Wednesday, January 25, 2012

January 25th

Here's some other stuff I've been thinking about lately. This is actually what I was going to blog about, but I got temporarily side tracked by that other blog.

Growing up, I absorbed a lot of teaching about the importance of remaining separate from the world. I understood this to mean that I should never participate in pop culture.

I believe this type of thinking is fairly common to the traditional Christian experience. Unfortunately, in my case, it led to fear, arrogance and isolationism.

As I hit my early twenties, I questioned and discarded this whole line of thinking.

For one thing, I was already completely tainted by the world, so there was now no more hope for me.

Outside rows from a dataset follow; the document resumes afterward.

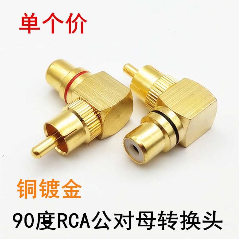 Copper gilded L-type lotus RCA right angle elbow 90-degree male-to-mother conversion plug revolution mother audio adapter
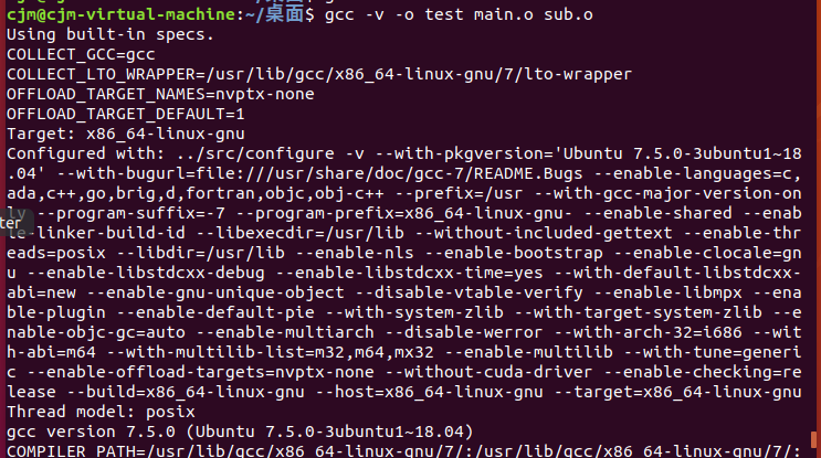可以看见,除了main.o、sub.o两个文件外,还连接了启动文件crt1.o、crti.o等,还有一些库文件。
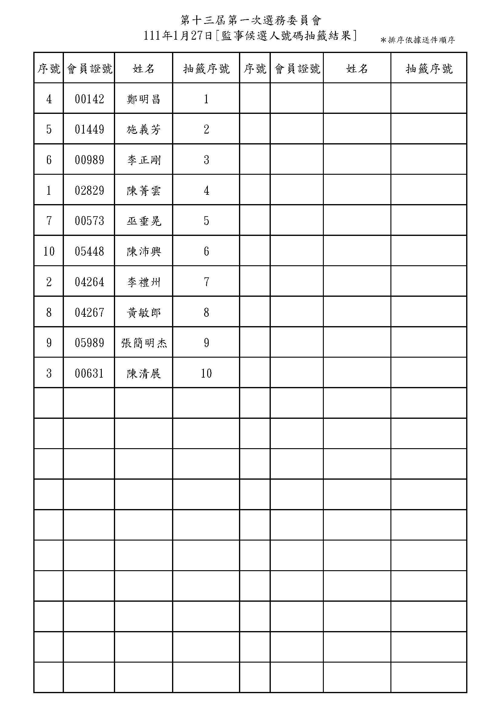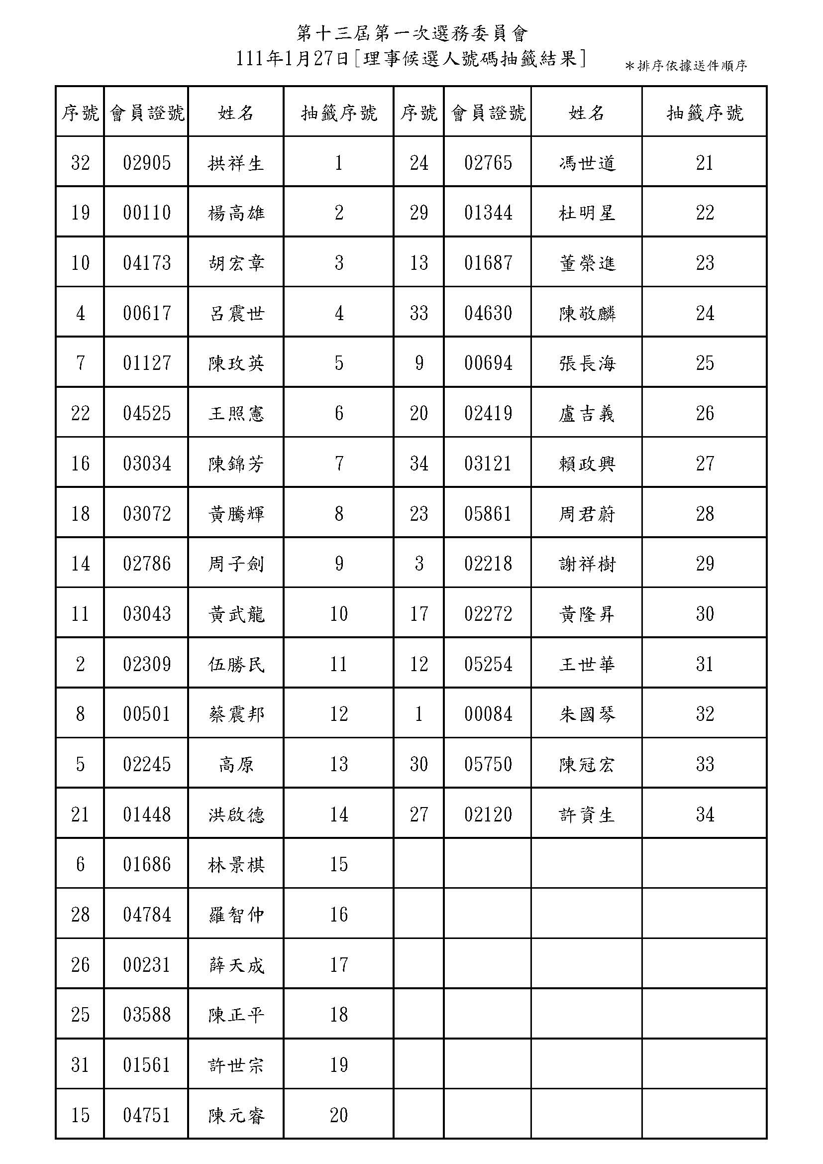 : 社團法人臺灣省土木技師公會第十三屆理監事候選人號碼抽籤結果
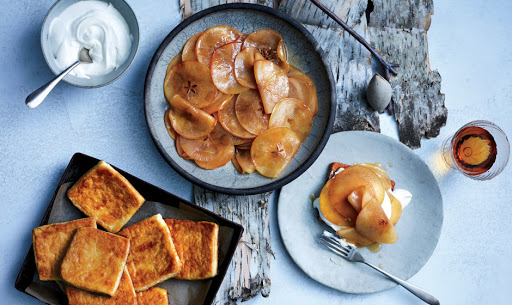 Let guests assemble individual mille-feuille, topping pastry with apples, whipped cream, and a drizzle of maple syrup.
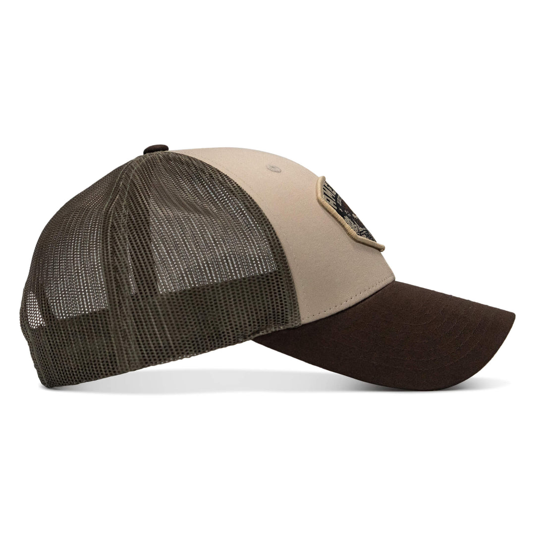 A pre-curved visor maintains shape from the first wear. The adjustable snapback closure locks in a secure fit, and reinforced stitching delivers lasting durability. Each hat is finished with in-house, hand sewn patches.

Guilt and despair aside, I thought then that it was an unproductive doctrine based on fear.

I wanted to engage life, not hide from it, and I hoped that this authenticity, even with its scars, would be a better witness than the false front I had hidden behind earlier in my life.

Now, however, it seems that I have come almost full circle.

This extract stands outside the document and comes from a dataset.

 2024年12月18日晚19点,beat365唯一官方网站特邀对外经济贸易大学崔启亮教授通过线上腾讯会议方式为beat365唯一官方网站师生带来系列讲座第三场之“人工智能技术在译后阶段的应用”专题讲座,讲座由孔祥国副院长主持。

"If you belonged to the world, the world would love you as its own. You do not belong to the world. I have chosen you out of the world and the world hates you," Jesus says, in John 15:19

This may explain why I have been feeling as I have- I am feeling the reality of not being a part of this world.

But I no longer believe that "the world" refers to pop culture, or any culture at all.

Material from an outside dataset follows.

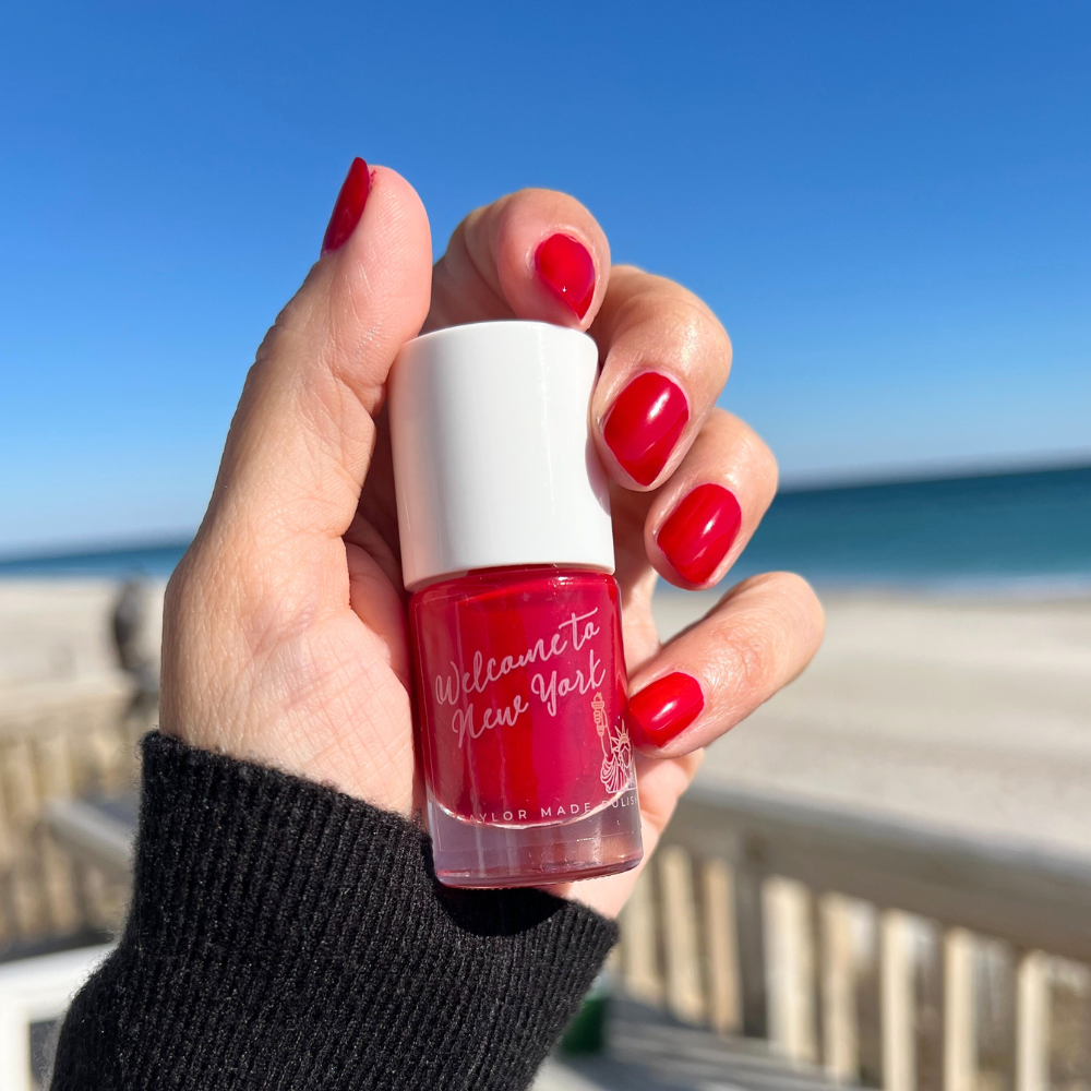 A classic, vibrant red with a glossy finish that makes a statement. The front bottle artwork features the iconic Statue of Liberty—the ultimate symbol of arrival and new beginnings. This shade is bold, confident, and unapologetically New York.
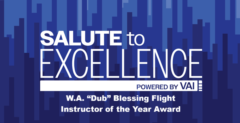 -Access for two to the VAI Presidential Salute To Excellence event<br />-Sponsor recognition on award winner promotional materials on show signage, in press announcements, on<br />website announcements, and in POWER UP (formerly ROTOR) magazine article about the award winner</p> <p><strong>The W.A. “Dub” Blessing Flight Instructor of the Year Award recognizes a helicopter or UAS aircraft flight instructor for superlative contributions in upholding high standards of professionalism.</strong></p>">

I think now that it's a spiritual reality, not a physical reality.

"I have been crucified with Christ," Paul declares, Galatians 2:20, "it is no longer I who live, but Christ lives in me; and the life which I now live in the flesh I live by faith in the Son of God, who loved me and gave Himself for me."

We don't live in the world, because we live in Christ. The life of Christ in us is what sets us apart, sets us free from sin and is the promise of greater things to come.

That way, we are in the world, but not of the world.

Still, I wrestle with this. My heart doesn't lie here, but how does it serve Jesus, or others, if I spend my entire life longing for some place I'm not?

I know He said that anyone who does not hate his own life is not worthy of Him, but surely He doesn't mean that literally?

Didn't Jesus come to give us life, and that more abundantly?

I was thinking about this, and it occurred to me that maybe it's our former life that we hate- the dead in our own works and lost in the dark life.

And why wouldn't we hate that life? It's a miserable way to live.

We cast that away -we lose our life- and we follow Jesus, and He gives us His life, abundantly. Along with, surprise, a fair amount of sorrow and suffering.

When I first was reading through the gospels, I noticed how many times Jesus talked about staying awake, and watching.

At one point as I was reading along, I felt Jesus check me at one of those verses.

Staying awake is not the same as staying afraid, Jesus said.

And oh my goodness! I realized that I had been doing that. Every time He said to stay awake or to watch, I myself was reading be afraid, be very afraid!

Obedient to my own incorrect interpretation, each time I read such a verse or parable, fear and dread would fill my heart.

"Well, if it doesn't mean stay afraid, what does it mean?" I asked Jesus.

But He didn't answer me then.

Now, I am wondering if maybe staying awake is to be full of longing for Jesus while at the same time, alive in His Spirit where He has planted us- here and now, in the world.

That definitely requires us to stay awake. It is impossible to live like that on autopilot.

In fact, it's impossible to live like that at all, without Him living in us.